I'm getting in right before dawn or late afternoon, and am just not seeing anything moving around. The pics are from almost exactly where I was sitting yesterday afternoon--granted, it was windy last night and maybe that kept the deer sitting tight. I've sat in that field a few times now with nothing to see, so I thought tonight I'd go sit in a blown down area of the corn near where there were maybe 6 sets of tracks moving through. That's the best plan I can come up with for now, but I'm wondering if the deer are just holing up until after dark for now, and I should start looking at tag soup. I'm also getting the wife asking "Sooo, how's it going" which I don't even pretend is related to her level of interest, but just a gauge for when she needs to start throwing out the "When you coming home?" questions. Any thoughts? About the hunting strategy--not the wife situation.


----------



## johnrr65 (Nov 7, 2019)

Nice


----------



## ELK_91 (Nov 6, 2019)

I'm not sure what state your hunting in but i'm hunting Utah now (for elk). some of the issues i'm seeing is the lack of colder weather, no snow, and the last few nights have been near full moon.
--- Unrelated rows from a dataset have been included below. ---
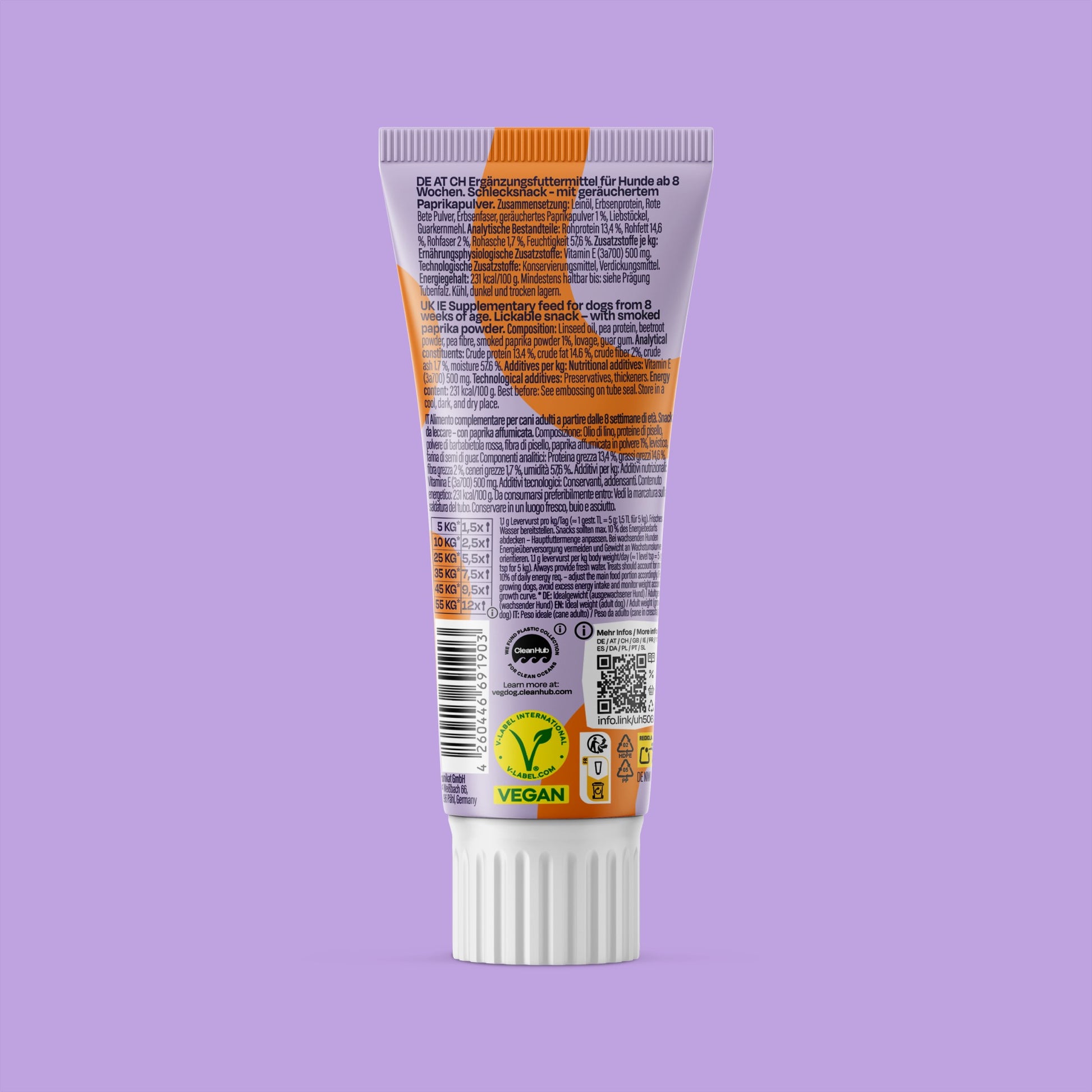 Leinöl, Erbsenprotein, Rote Bete Pulver, Erbsenfaser, geräuchertes Paprikapulver 1 %, Liebstöckel, Guarkernmehl
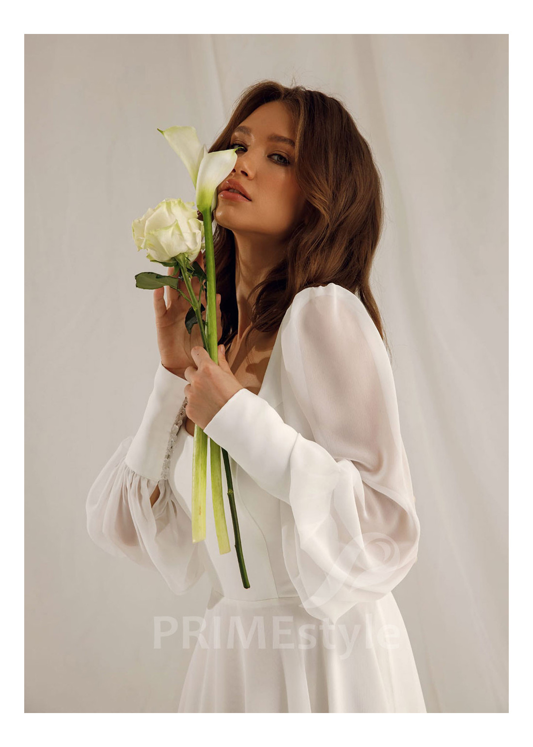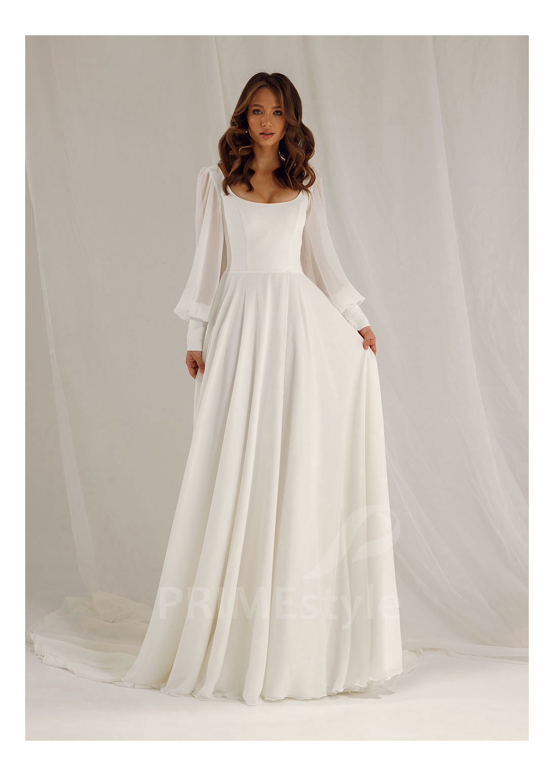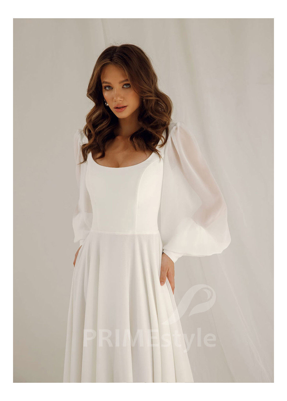 Šifónové minimalistické svadobné šaty s dlhým balónovým rukávom, trendovým okruhlým výstrihom na hrudi, mierne odhaleným chrbtom a pekne tvarovanou padavou sukňou. Vhodné aj ako svadobné šaty pre staršie nevesty.
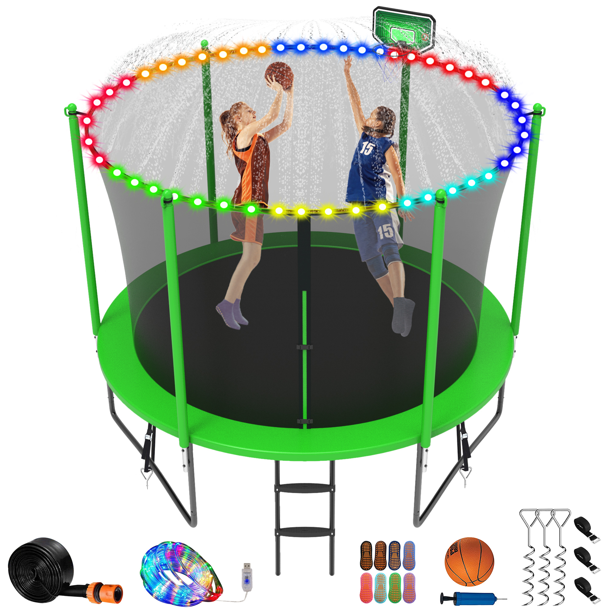 Jump Into Fun Trampoline 8 10 12 14 15 16FT, 800LBS Trampoline for Kids, Trampolines with Enclosure, Basketball Hoop, Wind Stakes, More Gifts, Outdoor Galvanized Anti-Rust Coating Trampoline
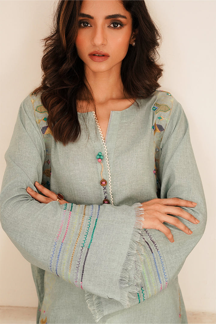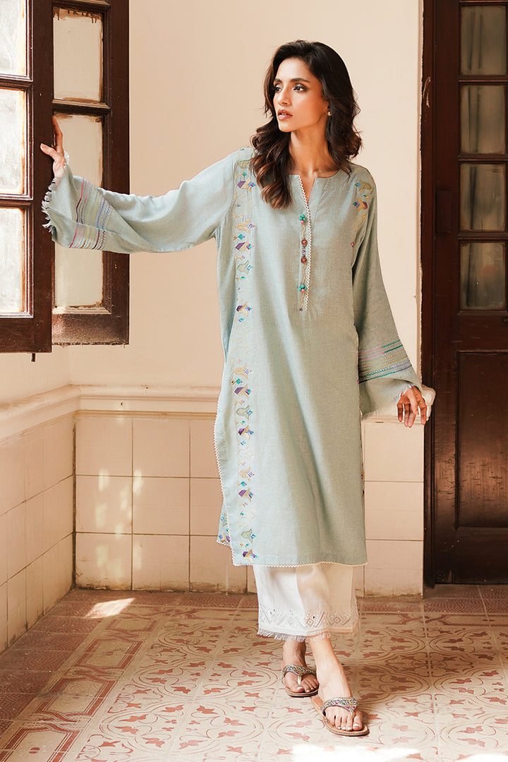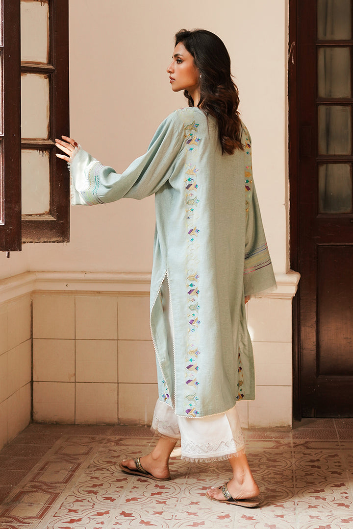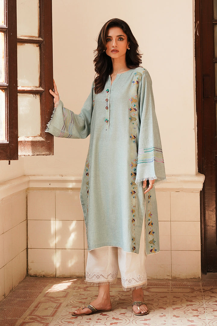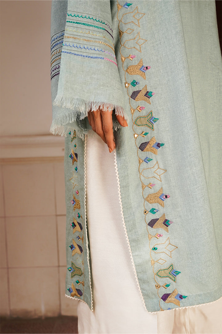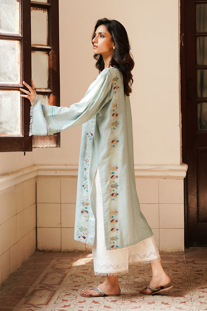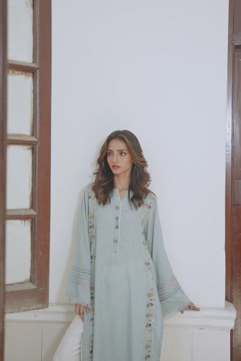 Crafted in soft Irish cotton, this kurta is detailed with resham machine embroidery and delicate mirror work. It features lace accents on the neck, hem, and choks, with hand embroidery on the kurta patti, enhanced by cross-stitch, jute detailing, and buttons. Finished with shredding and pintex edges on the sleeves.

I have always noticed that animals always seem to move more at night under these conditions. make sure your in and set-up at your spot well before first light as the deer wont seem to mind you moving in as much at night when they cant see you and possibly can only hear/smell you. playing the wind should go without saying keep it in your face as much as possible when setting up to watch an area. also if your going to stalk through the swamp areas with the possible beds in them make sure to play the wind and GO SLOW. use your optics and try to spot anything laying down before you kick them up out of bed. Also if you have been there multiple days and haven't seen much its okay to move on to a new area or try the are where you previously heard gunshots and found gut piles. Keep your options open. 
Good luck i hope you have some success. i hope to hear some good news from your hunt.


----------



## kodoz (Nov 4, 2016)

I'm in Wyoming...where it was -3 this a.m. I was wondering about how the moon changed things up. I ended up setting up one eve between the swamp and the corn again, and saw nothing but the big orange moon and some pheasant. 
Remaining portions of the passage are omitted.